Cleaning products maker McBride has announced that it plans to raise prices for the second time in two months, as it deals with a double whammy of global supply chain pressures and a shortage of lorry drivers in the UK.
British companies have been grappling with staff shortages and higher costs as disruptions linked to Brexit and the coronavirus pandemic have severely curtailed supply chains.
In a statement to accompany its AGM, McBride, which produces both branded and private label products, warned raw material and packaging costs have risen faster and to a higher level than previously expected as global supply chains tighten further.
A shortage of haulage capacity and higher fuel expenses have inflated distribution costs and show no sign of abating in the near term, McBride added.
'Substantial Price Increases'
McBride, which has already forecast a 65% drop in full-year profit, said it has 'begun to seek a second round of substantial price increases from all its customers across all divisions, which, dependent upon specific mix, could result in a minimum of mid to high teen percentage increases'.

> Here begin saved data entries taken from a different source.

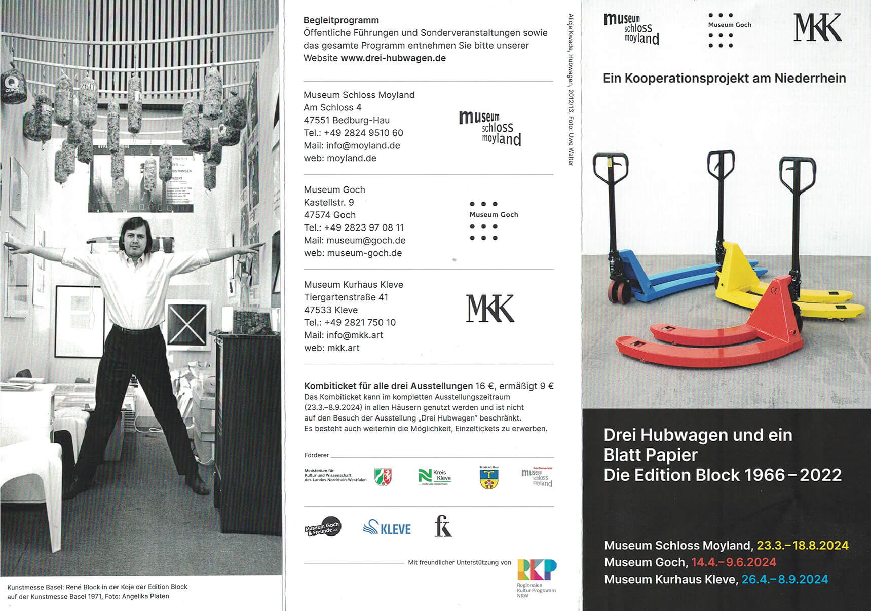 Mit seiner Edition Block schuf der Galerist René Block 1966 in Berlin ein Instrument zur „Demokratisierung und Sozialisierung des Kunstmarktes". Zu den 122 Editionen seines Verlags gehören Meilensteine wie die Skulptur „Der Denker" (1976/78) des koreanischen Medienkünstlers Nam June Paik, bekannte Multiples von Joseph Beuys wie „Schlitten" (1969) und „Filzanzug" (1970), das raumgreifende Objekt „Hubwagen" (2012/13) von Alicja Kwade, das der Ausstellung ihren Namen gibt, sowie mehrere Grafikmappen mit Beiträgen internationaler Künstler:innen.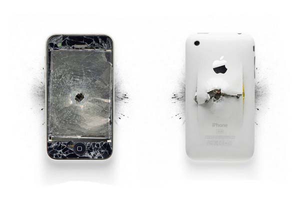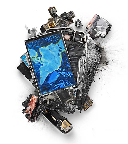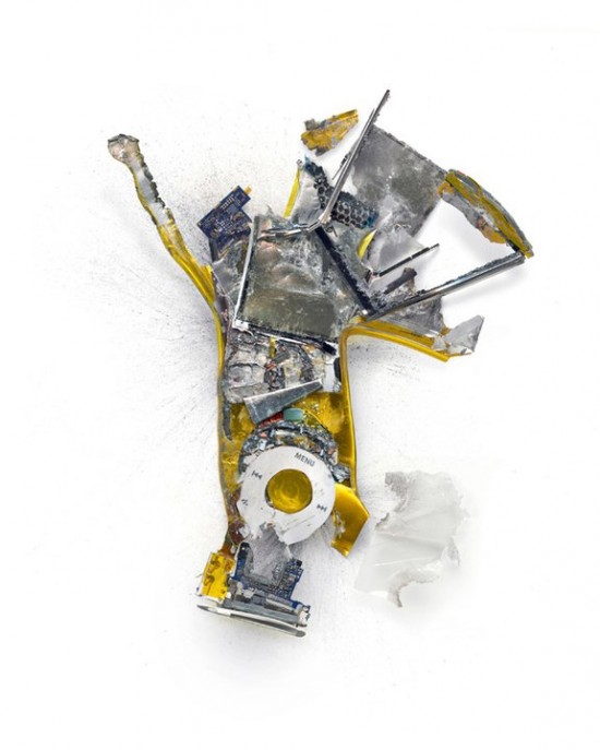 Искусство сегодня принимает весьма странные формы. Американский дизайнер Майкл Томперт (Michael Tompert) пошел на то, чтобы вдребезги разбить, поломать и расстрелять несколько устройств от Apple – iPhone, iPad, iPod и даже MacBook – и позволить фотографу Полу Фэирчайлду (Paul Fairchild) сфотографировать обломки.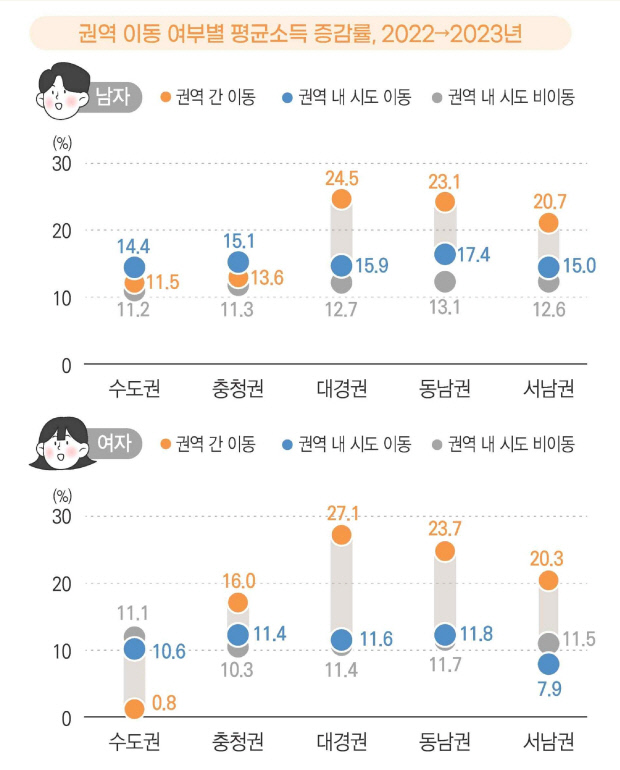 남성의 경우 수도권에서 일자리를 잡으면서 타권역보다 소득이 크게 올랐다.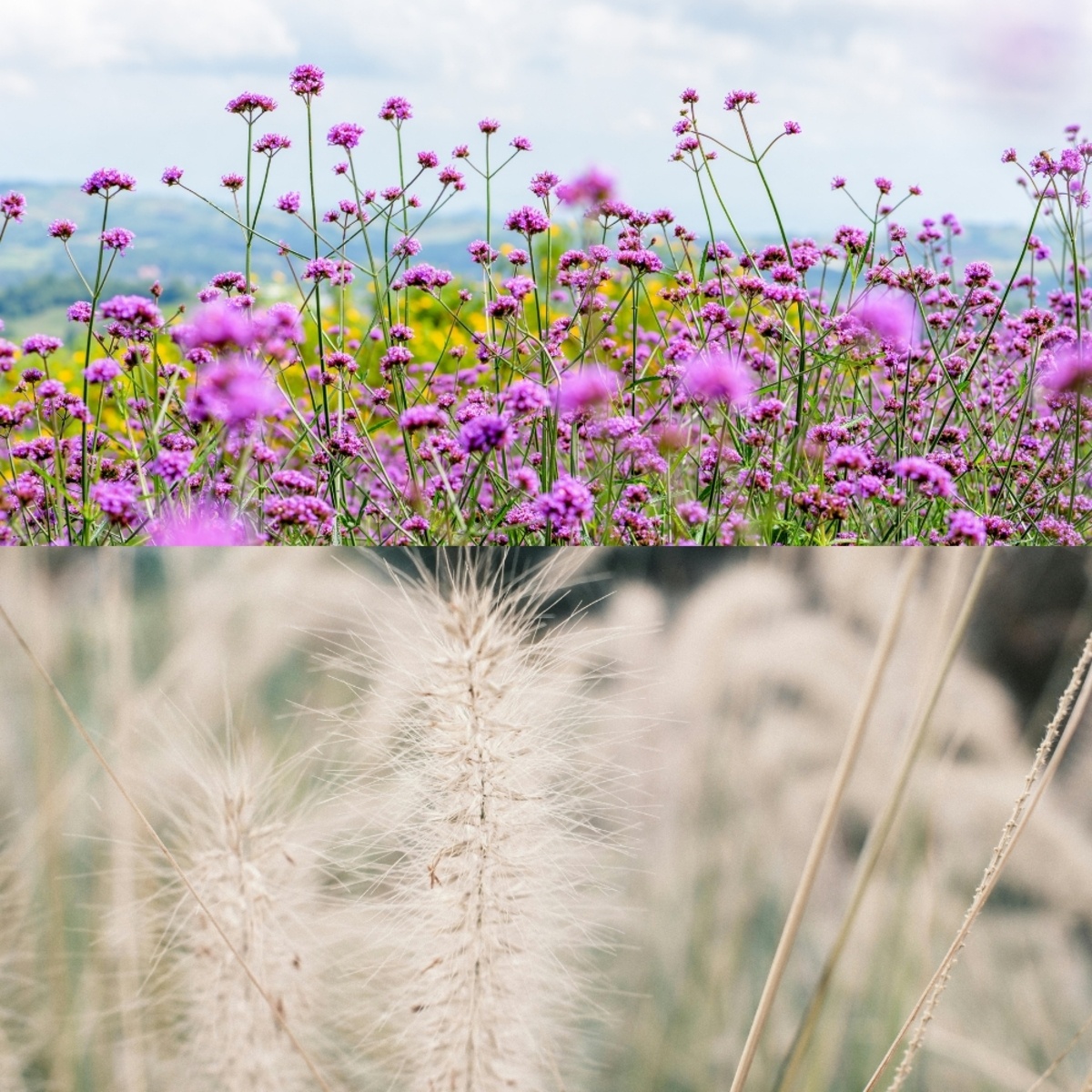 Borderpakket Stella bevat Verbena bonariensis en Pennisetum alopecuroides 'Hameln'. De Verbena steekt met paarse bloempjes hoog boven het grondvlak uit en trekt vlinders aan, terwijl de siergrasjes rust en ritme geven. Samen vormen ze een dynamische border die ook in de late zomer en herfst nog mooi oogt.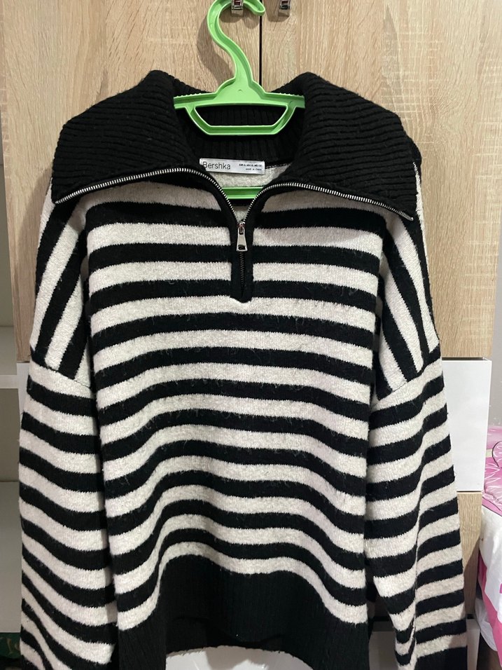 Yarım fermuarlı yüksek yakalı, uzun kollu, gri ve siyah zebra desenli, yumuşak ve sıcak dokulu, bol kesim kadın triko kazak.

The group added that its manufacturing and logistics activities have 'operated well' in the year to date, and have shown 'strong resilience' despite the ongoing supply chain disruption.
It said that coronavirus restrictions at its Asia operations have now been lifted, while its new facility in Malaysia is 'ramping up production'.
Financial Year Expectations
On the coming financial year, McBride added that it expects earnings to be weighted to the second half of the year.
'Given the unpredictability of current global supply chain and ongoing uncertainty over input costs, the Board is unable to update the full year outlook it provided in its preliminary results on 9 September 2021,' it said.